Dataset extract.
=== Section Start ===
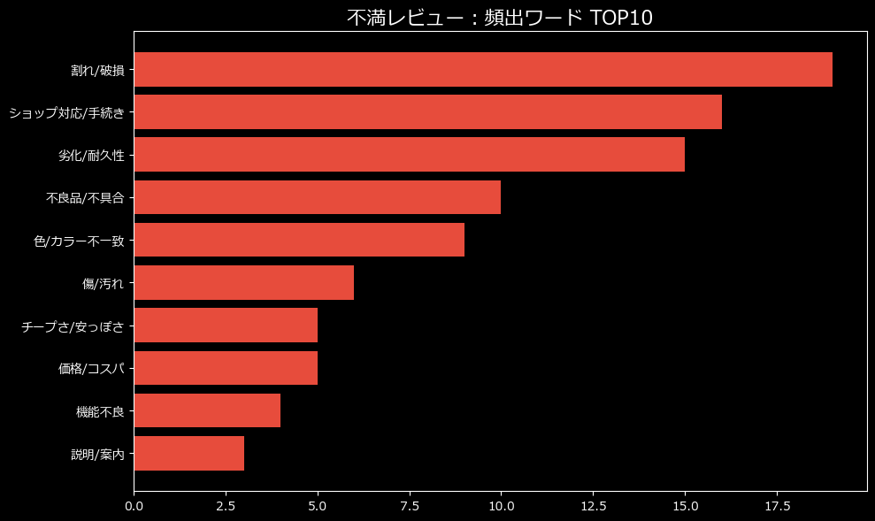 最大の不満カテゴリは、全体の圧倒的多数を占める「品質/初期不良」です。22件という数字は、ただの「ハズレ」で済まされるレベルではありません。これはもはや、「品質のロシアンルーレット」と言っても過言ではないでしょう。
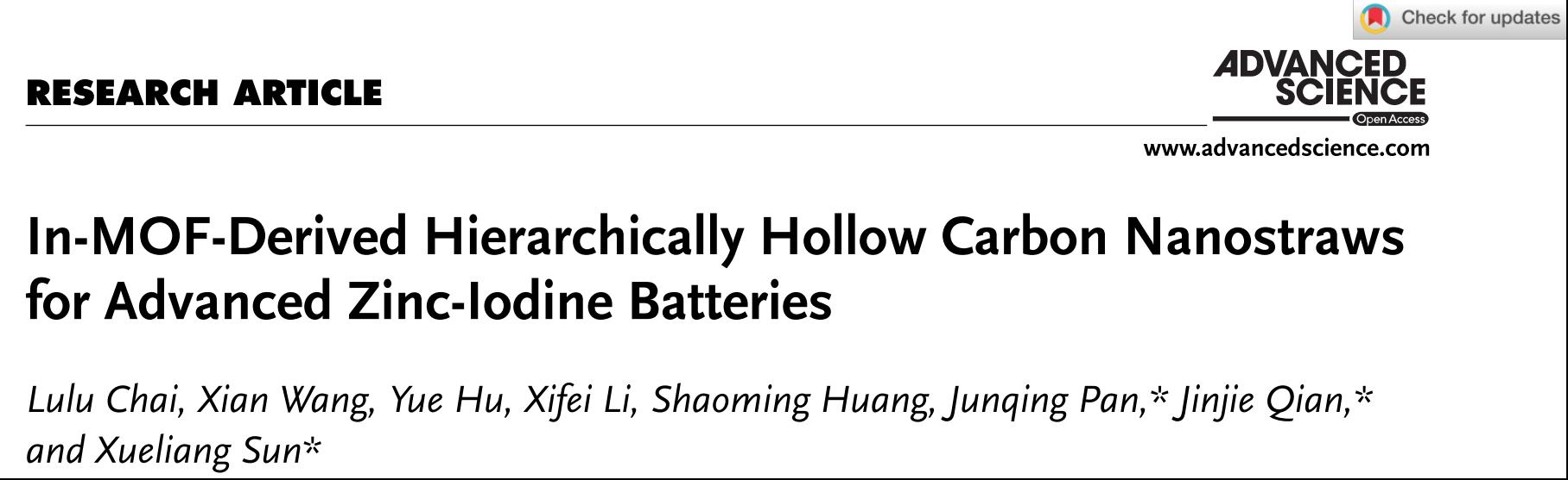 因此,本研究工作为锌离子电池和锂离子电池等高比能量二次电池的未来发展提供一种通用多孔的中空碳材料载体的可控制备策略。这一研究结果以“In-MOF-Derived Hierarchically Hollow Carbon Nanostraws for Advanced Zinc-Iodine Batteries”为题发表在《Advanced Science》,51暗网 作为第一通讯单位,2020届研究生柴路路为第一作者,51暗网 钱金杰副教授、北京化工大学潘军青教授和加拿大西安大略大学孙学良院士为共同通讯作者,该工作得到国家自然科学基金(21601137)、中国科学院结构化学国家重点实验室(20190008)、温州市基础科学研究项目(G20190007,ZG2017027)、51暗网 研究生科研基金(316202001022)的资助。
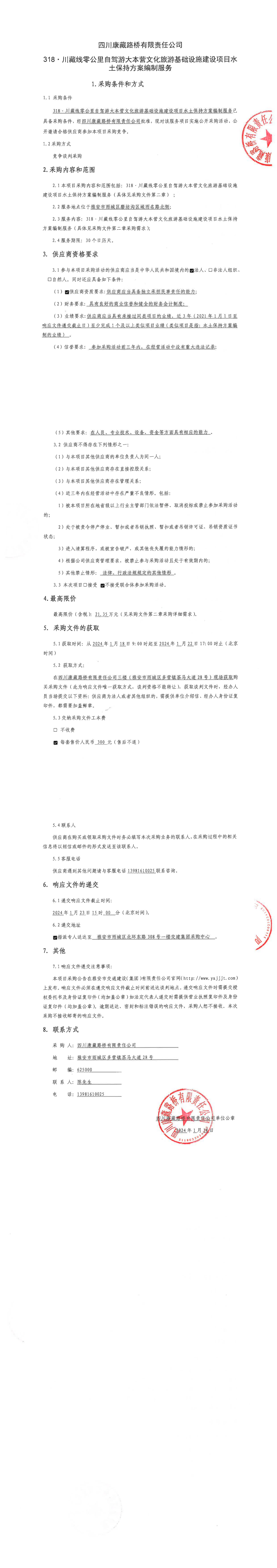 四川康藏路橋有限責(zé)任公司318·川藏線零公里自駕游大本營(yíng)文化旅游基礎(chǔ)設(shè)施建設(shè)項(xiàng)目水土保持方案編制服務(wù)采購公告
=== Section End ===
The expected answer is the whole listing above, copied exactly, with images excluded.

Final answer.
 最大の不満カテゴリは、全体の圧倒的多数を占める「品質/初期不良」です。22件という数字は、ただの「ハズレ」で済まされるレベルではありません。これはもはや、「品質のロシアンルーレット」と言っても過言ではないでしょう。
 因此,本研究工作为锌离子电池和锂离子电池等高比能量二次电池的未来发展提供一种通用多孔的中空碳材料载体的可控制备策略。这一研究结果以“In-MOF-Derived Hierarchically Hollow Carbon Nanostraws for Advanced Zinc-Iodine Batteries”为题发表在《Advanced Science》,51暗网 作为第一通讯单位,2020届研究生柴路路为第一作者,51暗网 钱金杰副教授、北京化工大学潘军青教授和加拿大西安大略大学孙学良院士为共同通讯作者,该工作得到国家自然科学基金(21601137)、中国科学院结构化学国家重点实验室(20190008)、温州市基础科学研究项目(G20190007,ZG2017027)、51暗网 研究生科研基金(316202001022)的资助。
 四川康藏路橋有限責(zé)任公司318·川藏線零公里自駕游大本營(yíng)文化旅游基礎(chǔ)設(shè)施建設(shè)項(xiàng)目水土保持方案編制服務(wù)采購公告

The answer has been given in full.